At that point, I’m sure Ezekiel thought his job was done. He had tried to warn his people and get them on the same page as God. He had remained faithful as God’s Watchman (Ek 3:16-27). He had gone through a lot of hardship to remain faithful as a watchman. He even had to endure the death of his wife as a topical lesson for his people (E24:17-18). You can sympathize, right? After a long hard day, or particular physically demanding or mentally draining job, you are exhausted and just want to rest and rejuvenate. That is how Ezekiel felt, I’m sure. But, God had other plans for him.
God reminds Ezekiel that even though Jerusalem has fallen, he still has the duty of a Watchman (Ek 33:7). Ezekiel’s task is to now tell Israel that God does not delight in their destruction but desires for them to repent (Ek 33:11). An escapee from the destruction of Jerusalem came and told the people there in captivity that Jerusalem had fallen. At that time, God allowed Ezekiel to speak again (Ek 33:21-22). God had made him mute for almost two years—ever since Nebuchadnezzar had besieged Jerusalem. Can you imagine what the people thought of Ezekiel during this time? Maybe many thought it served him right to be mute. God had finally shut him up because of his unpatriotic sayings. Are we any different in being too quick to judge rather than allowing a disconcerting message to penetrate our hearts and allow God to see if there are any seeds of wickedness in us?
The people were now mad because God had allowed this destruction to happen. They had the misconception that the land was theirs—God had given it to them, and they felt God had no right to take it away. Yet, God, through Ezekiel, told them all the destruction was due to their disobedience (Ek 33:25-16). It seems people are people no matter in what time they live. Are we any different? We always have excuses for our behavior: it is never as bad as others claim, we have a justification for what we do, and we feel what we do is not really that bad after all. These people felt no differently.
As their watchman, Ezekiel kept to his task. He accused the shepherds of Israel, their leaders (kings, princes, priests, and false prophets) of looking out only for themselves rather than the needs of their people (Ek 34:2-4). This is one of the pitfalls of lifelong service that someone in such a position must be aware. Since this is now their job, their livelihood, and not just a short-term profession, they have to temper their desire for ambition, wealth, and prosperity for their family. While it is not wrong to have these things, they have a higher responsibility to the people for whom they serve. It’s often too easy to lose sight of that fact. These leaders in Ezekiel’s day had done that. They had lost sight of their greater responsibility. Ezekiel tried to get them to see that. He warned them that God would remove them from leadership (Ek 34:10).
To better help them understand, Ezekiel gave an analogy of a coming Good Shepherd who will take good care of his people (Ek 34:12). Ezekiel turns to a future time, a time we refer to as the Millennial Kingdom, where God will gather his people from every distant land (Ek 35:12-13). He will judge between the goats and the sheep (i.e., between the righteous and the unrighteous), between one sheep and another (the act of receiving rewards), and he will shepherd them with justice (this may be referring to his ruling with an iron scepter (Rv 2:27)) (Ek 35:20-22). Their Good Shepherd, their Messiah, will make David their shepherd and their prince (Ek 35:24). This is likely referring to David’s position in relation to Christ, their Messiah. David will be subservient to him. In addition, the land will be made to be fruitful to meet all their nutritional needs, they will live in safety without the threat of war, and he will be their God (Ek 35:25-31).

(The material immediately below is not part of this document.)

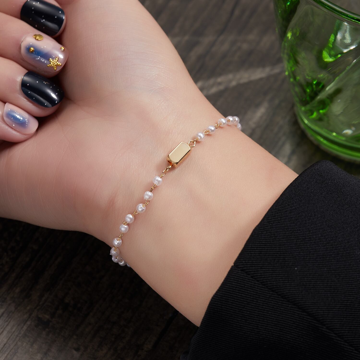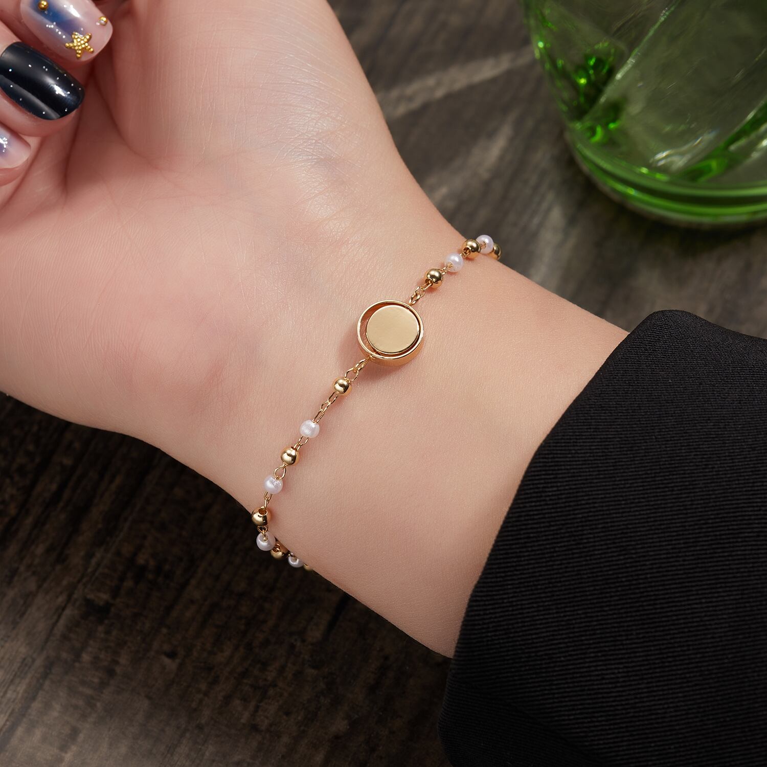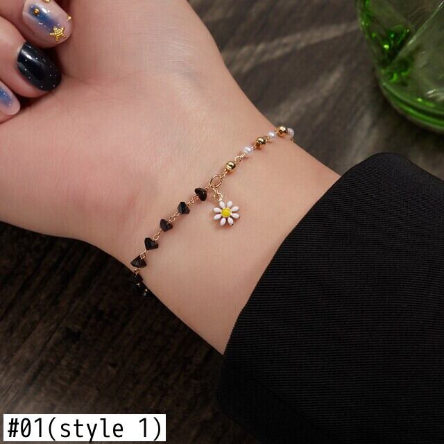 送料無料 花デイジーチャームブレスレット女性の女の子ブラッククリスタルビーズチェーンブレスレットジュエリー2022トレンド フラワーデザイン アクセサリー AE1777765733628985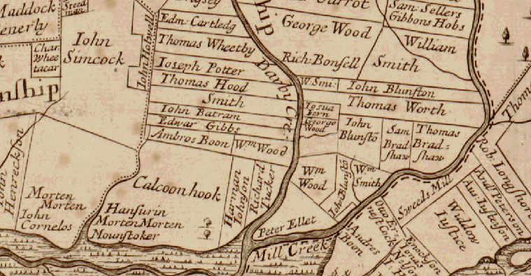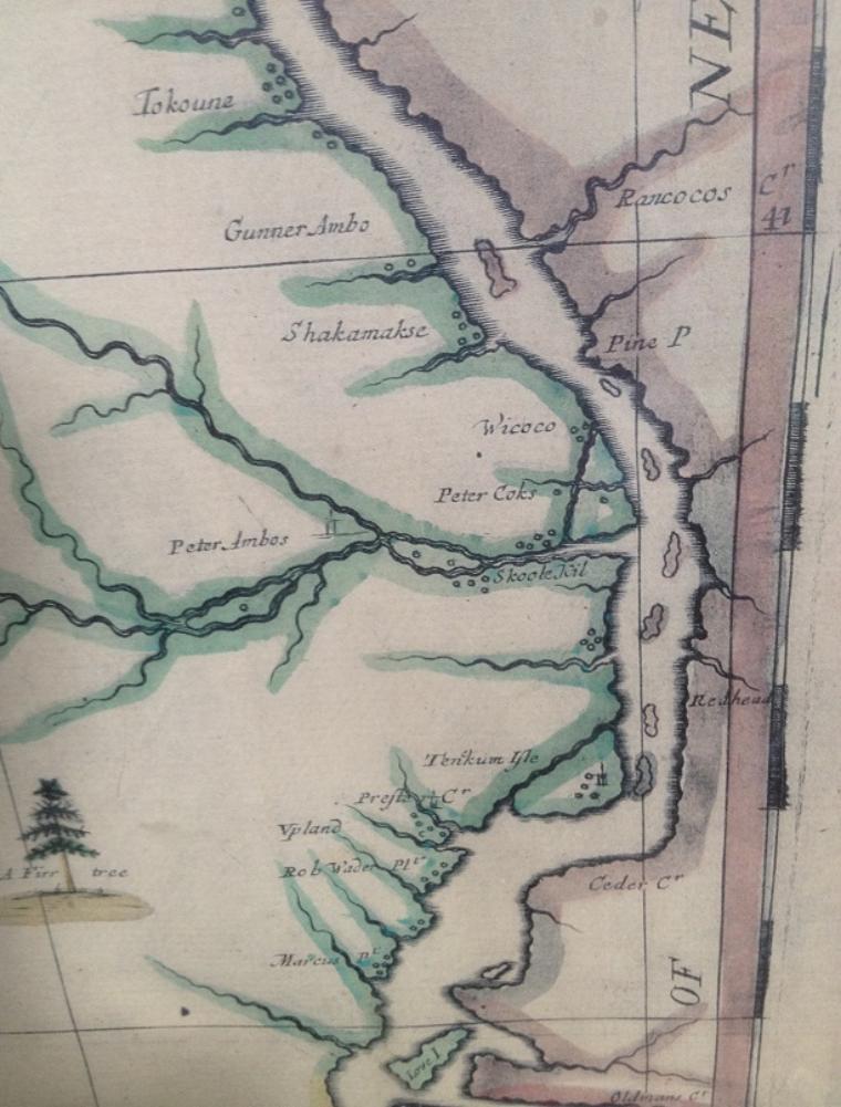 Map showing the landscape before Penn's arrival. (1681) Look at the settlement at Tenikum Isle

Ezekiel then restates the prophecy against Edom (Ek 35). This was to contrast the choices made by Jacob and Esau, the ancestors of Israel and Edom. God used Esau (Edom) as a topical lesson as to what Israel could be like, but how God is going to instead reward Israel. This was not because of Israel’s goodness, but because of God’s goodness and how he will keep his promises to them.
In contrast to what God said about Edom, he would give great blessings to Israel: mountains, hills, rivers, valleys, and cities will become fruitful and prosperous (Ek 36:4, 8, 10). Yet, he reminds them that God will do this for his own Name sake (Ek 36:22) and not because of anything they have done. Despite what Israel had done in profaning God to the surrounding nations, God would make his Name great and holy again (Ek 36:23). God’s plan will not be rescinded because of what mankind does. God would do this by taking Israel and cleansing her and putting his Spirit within her (Ek 36:26-27). This was a new concept for them. The Holy Spirit will come upon them and they will seek him and morn for their actions toward him (Zc 12:10).
This is also our promise from God, both now and for our future. If you turn to him, realize his death on the cross was payment for your sin (past , present, and future), accept that and realize nothing you can do can earn this for you except depending upon him completely both now and for your future, you too will receive the Holy Spirit to guide you on your journey through this life. Then, in the life to come you will receive all these blessing that God promised to his people through Ezekiel. Isn’t it exciting?! Come join us. You’ll be glad you did!